Buoyancy’s Effect on Heat and Mass Transfers of Supercritical Hydrocarbon Fuel with Pyrolysis in Vertical Circular Tubes

为了探究再生冷却过程中,浮升力对竖直圆管内超临界碳氢燃料裂解传热传质特性的影响,基于详细裂解反应动力学模型,建立了同时考虑碳氢燃料流动传热和裂解吸热的耦合算法,在此基础上对竖直管道内,浮升力对超临界RP-3的流动、传热和裂解反应的影响展开了数值研究。计算结果表明:与不考虑浮升力的情况相比,在浮升力影响显著的条件下,浮升力增强了向下流动的碳氢燃料壁面处与中心流区域的传热传质过程,燃料温度和裂解率的径向分布更加均匀,燃料吸热能力增强,换热系数上升,同时可以有效地抑制管道壁面上结焦的生成;而对于向上流动的流体,浮升力不利于壁面处与中心流区域的传热传质,导致冷却通道内碳氢燃料温度和裂解率径向分布的不均匀性增强,燃料吸热能力降低,换热系数下降,同时增加了管道壁面上的结焦量;同时,为了更好地理解浮升力的影响,本文还对不同壁面热流密度下向上和向下冷却通道内超临界碳氢燃料的裂解传热特性进行了分析;判别式Bo*<6.0×10^(-7)不能准确地预测竖直管道内浮升力对超临界碳氢燃料裂解换热的影响。

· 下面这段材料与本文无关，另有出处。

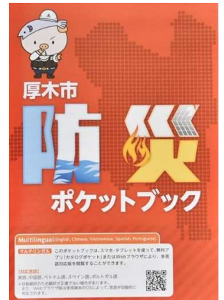
公民館で配布しています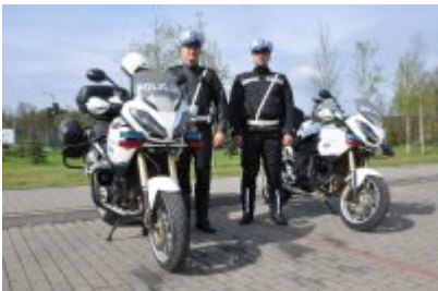
Działania "Jednoślądem bezpiecznie do celu" #13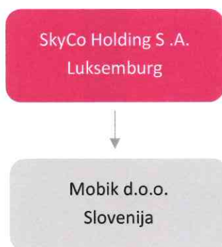
Slika 1: Lastniška struktura skupine v Sloveniji.

Družba Mobik d.o.o. nima odvisnih družb.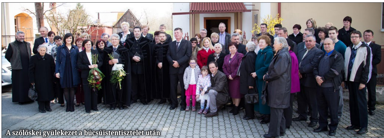
A szőlőskei gyülekezet a búcsúistentisztelet után

évek alatt a mag jó földbe került és termést hoz.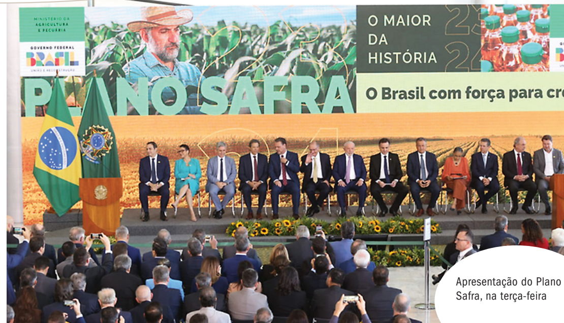
Apresentação do Plano Safra, na terça-feira

O Programa para PCA (Construção e Ampliação de Armazéns) terá um aumento no volume de recursos de 81% para construção de armazéns com capacidade de até seis mil toneladas e de 61% para armazéns de maior capacidade. Desta forma, o objetivo é fortalecer o financiamento de investimentos necessários à construção de novos armazéns, no intuito de aumentar a capacidade estática instalada de armazenagem.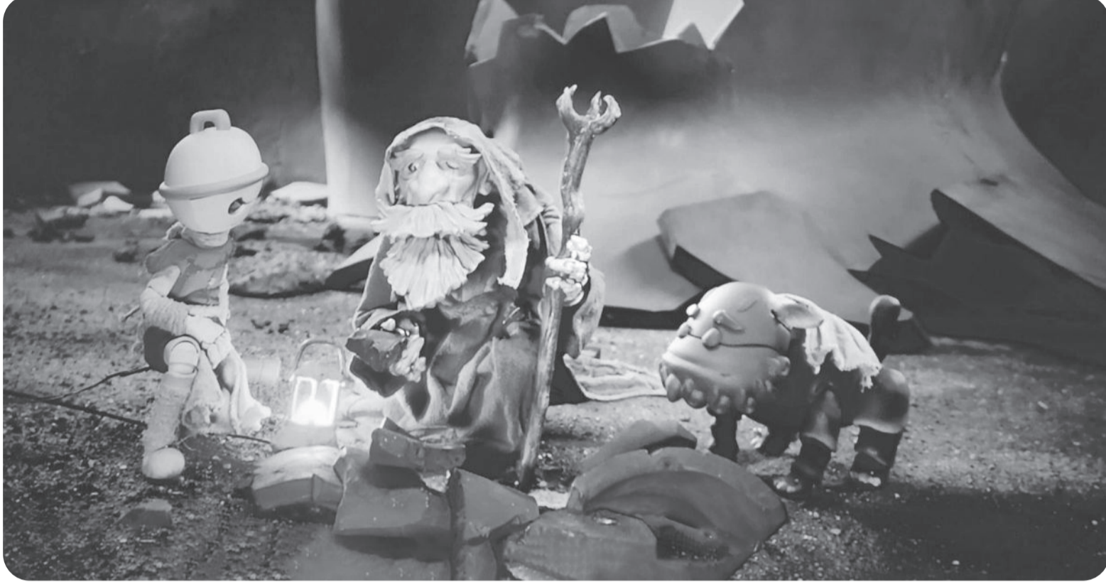
● "Chiến binh gổm" - phim hoạt hình stop motion dự kiến sẽ ra rạp trong năm 2025.

Lần đầu tiên, thị trường chứng kiến cuộc đổ bộ của 4 phim hoạt hình điện ảnh "made in Việt Nam" dự kiến ra mắt trong năm 2025. Đây có thể xem là tín hiệu mở đường cho hành trình thương mại hóa đầy tiềm năng của dòng phim này, dấu thách thức và khó khăn vẫn luôn chực chờ.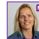
Mette Kiergaard Ældreminister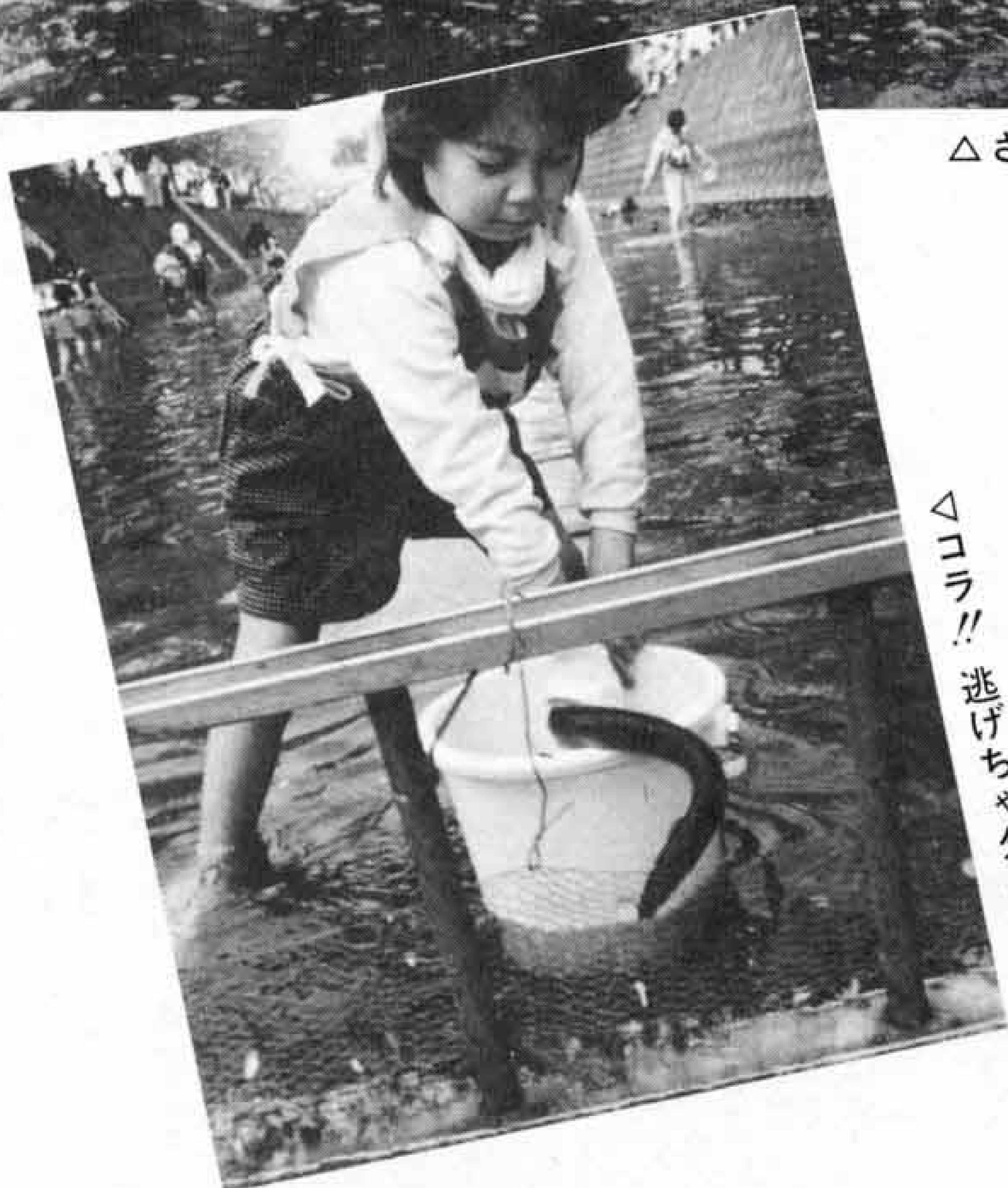
△コラ!! 逃げちゃダメ!!

吉原地区に、すつかり根をおろした小潤井川の「桜まつり」。ことは、桜だけでなく水にも親しもうと、「ウナギのつかみ捕り大会」が四月一日に行われました。大会には、小学生や一般の人など約百五十人が参加し、花見客や家族の応援を背に、逃げ回るウナギを追いかけて大奮闘。中には、何匹も捕まえた子供もいました。これで晩のおかずは大丈夫ですね。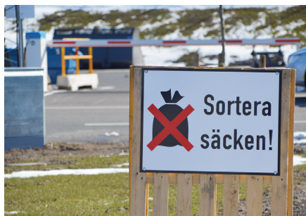
Sortera säcken har gällt på Heljeveds återvinningscentral sedan starten i början av året.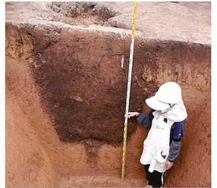
縄文時代の落とし穴

ここでは、平安時代の製鉄場だけではなく、縄文時代の建物跡、集石土抗、落とし穴が見つかりました。また、縄文時代の中頃(約5,000年前)の縄文土器も多量に出土しています。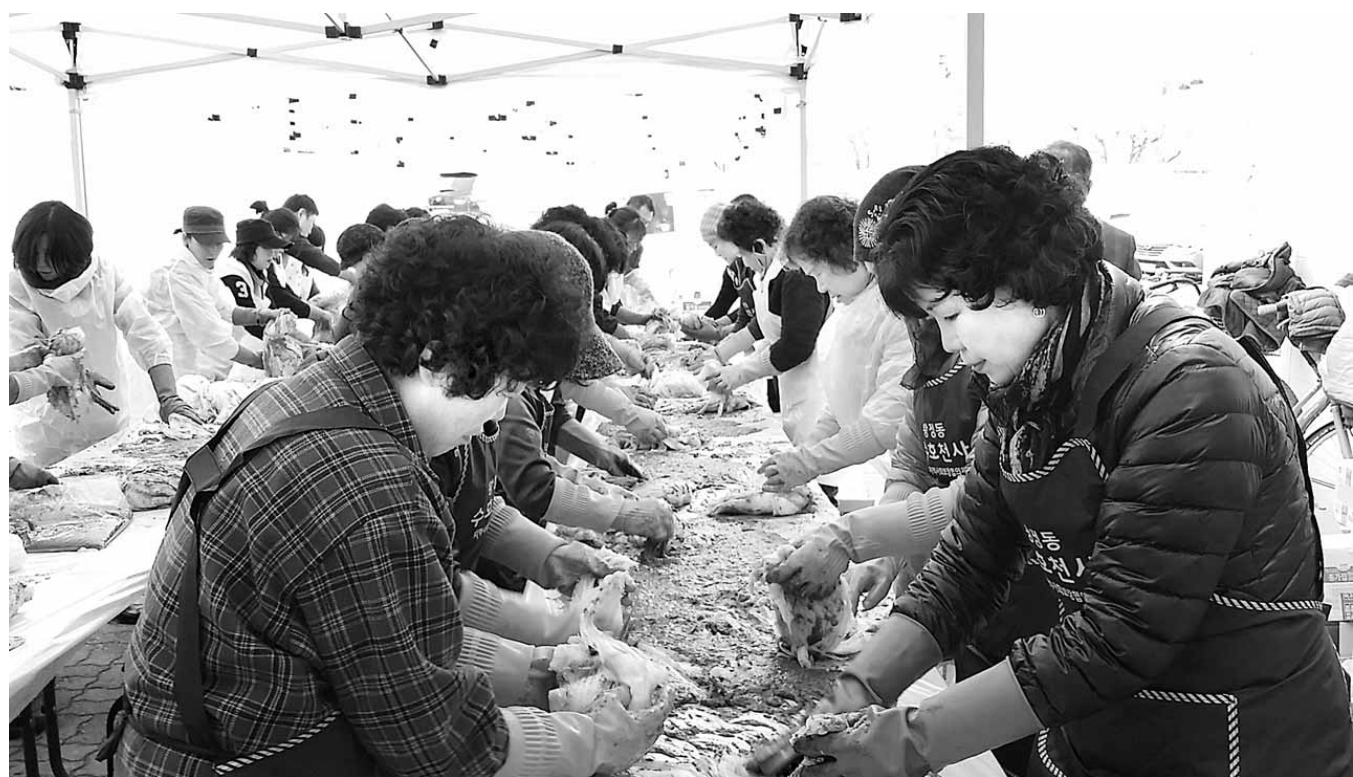
“희망의 김장김치” 정성들여 담귀요” 남원시 왕정동행정복지센터는 지난 22일 복지센터 앞마당에서 ㈜이마트 남원점, 수호천사봉사회, 새마을부녀회 소속 50여명과 함께 ‘희망의 김장김치’를 담귀 경로당·복지시설 30곳과 복지취약계층 64가구에 전달했다.

원, 셋째는 1000만원, 넷째 이상은 1500만원을 준다. 이외 출산 가정에 산모·신생아 건강관리사 이용료, 출산축하 기념품, 돌맞이 사진 촬영권을 지원하는 한편, 공공장소에 수유방을 설치하는 등 아이낳기 좋은 분위기를 만드는 데도 공을 들인 결과라는 것이다. 황숙주 군수는 "지역의 지속적 성장을 위해서는 젊은층이 돌아오고 아이를 많이 낳아 활기찬 지역이 되어야 한다"면서 "젊은층이 원하는 정책을 발굴·추진해 사람이 넘치는 활기찬 지역을 만들 것"이라고 말했다. /순창=장영근기자 jyg@kwangju.co.kr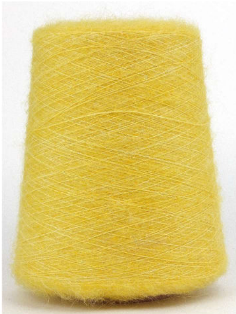
Farbe Limone Farbnummer. 1362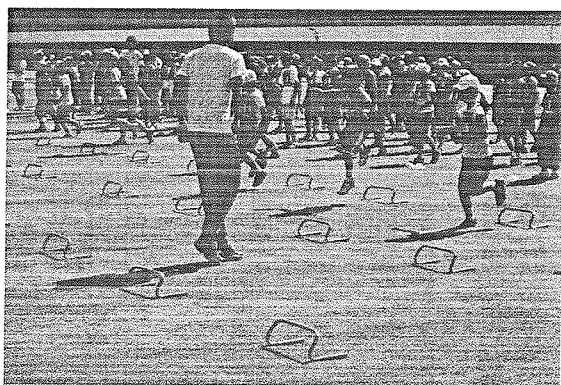
平成24年8月30日(木)愛媛県総合運動公園陸上競技場にて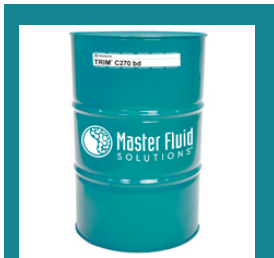
Tambo de 54 galones (204 l) SKU: C270BD-54G UPC-12: 641238001317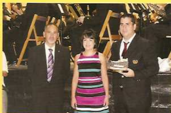
Concejala de Festejos y presidentes de ambas sociedades

En la mañana del domingo, nuestra agrupación acompañó al predicador desde el Colegio Ntra. Sra. del Carmen hasta la Parroquia de Ntra. Sra. de la Asunción. En la tarde se celebró la procesión a la Virgen de los Frutos y así finalizaban estas fiestas en las que esta sociedad participa dentro de los actos correspondientes al Ilmo. Ayuntamiento.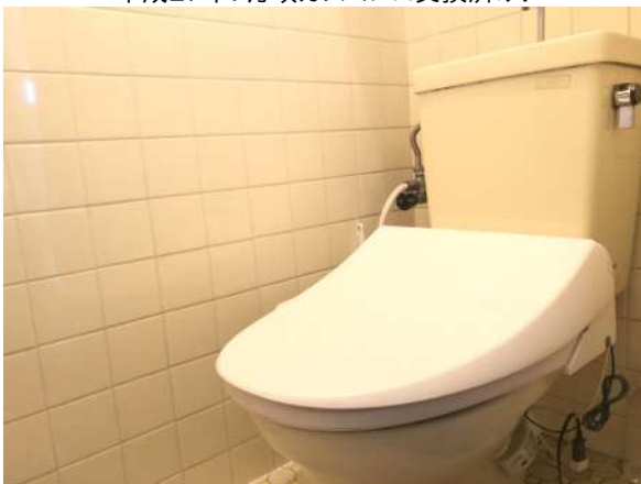
窓付きのお手洗いです。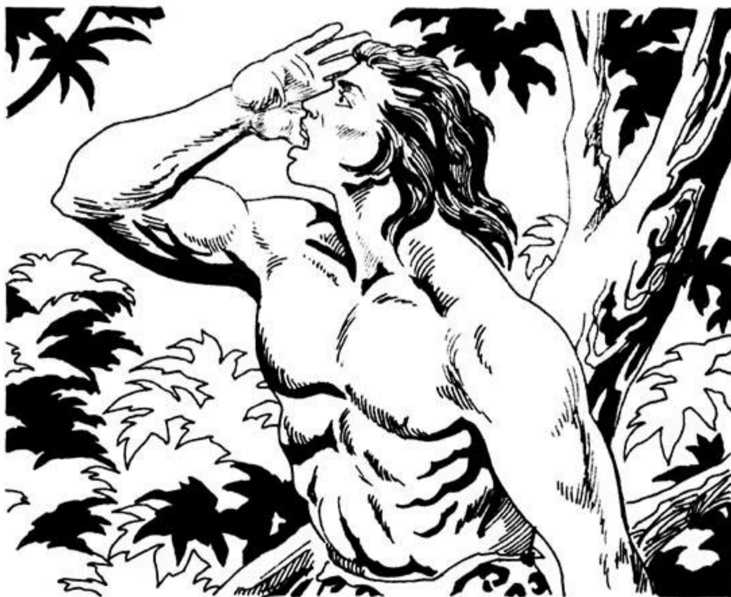
Ή Ταρζάν βγάξει τήν παράξενη και τρομερή κραυγή του.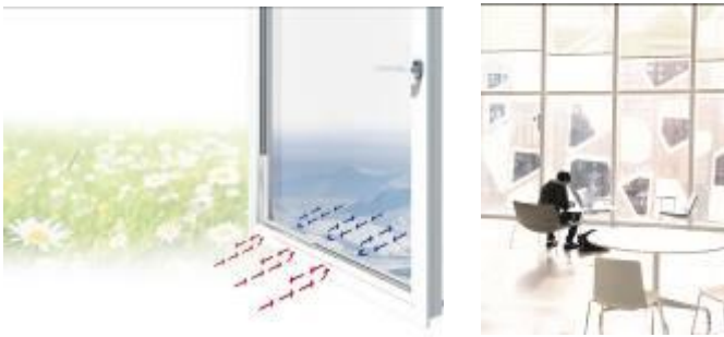
Foto 5 + 6: Warme Kante Abstandhalter wie Thermix ermöglichen besonders energieeffiziente Isolierverglasungen, z.B. am neuen Student Learning Center der Ryerson University in Toronto, Kanada.

Bilder in hoher Qualität: Download ZIP oder via press.info@oha-communication.com

In order to investigate the effects of buoyancy on heat and mass transfers of supercritical hydrocarbon fuel with pyrolysis in vertical circular tubes in the regenerative cooling process,a numerical method considering convective heat transfer and endothermic pyrolytic reaction simultaneously was developed based on the detailed pyrolytic chemical reaction mechanism of China No. 3 jet fuel(RP-3). Based on this,numerical studies were carried out to analyze the buoyancy effects on heat transfer and pyrolysis of RP-3 in vertical tubes under supercritical conditions. Results reveal that compared with the case without buoyancy,the buoyancy improves the heat and mass transfers between the near-wall region and the core flow field,which makes the radial distributions of the temperature and fuel conversion of hydrocarbon fuel more uniform in the downward flow. The fuel heat absorption capacity is enhanced,and the heat transfer coefficient increases. Moreover,the buoyancy can efficiently inhibit coke deposition in cooling channels,however,in the upward flow,the buoyancy deteriorates the heat and mass transfers between the near-wall region and the core flow field,which increases the non-uniformity of the radial distributions of fuel temperature and fuel conversion. The fuel heat absorption capacity is reduced,and the heat transfer coefficient decreases. Meanwhile,the carbon deposition increases in cooling channels. In addition,the supercritical heat transfer of hydrocarbon fuel with pyrolysis in downward and upward flows for various wall heat fluxes are compared to obtain a better understanding of the buoyancy effect. The criterion equation(Bo*<6.0×10^(-7))fails to quantitatively evaluate buoyancy effects on supercritical heat transfer of hydrocarbon fuel with pyrolysis in vertical circular tubes.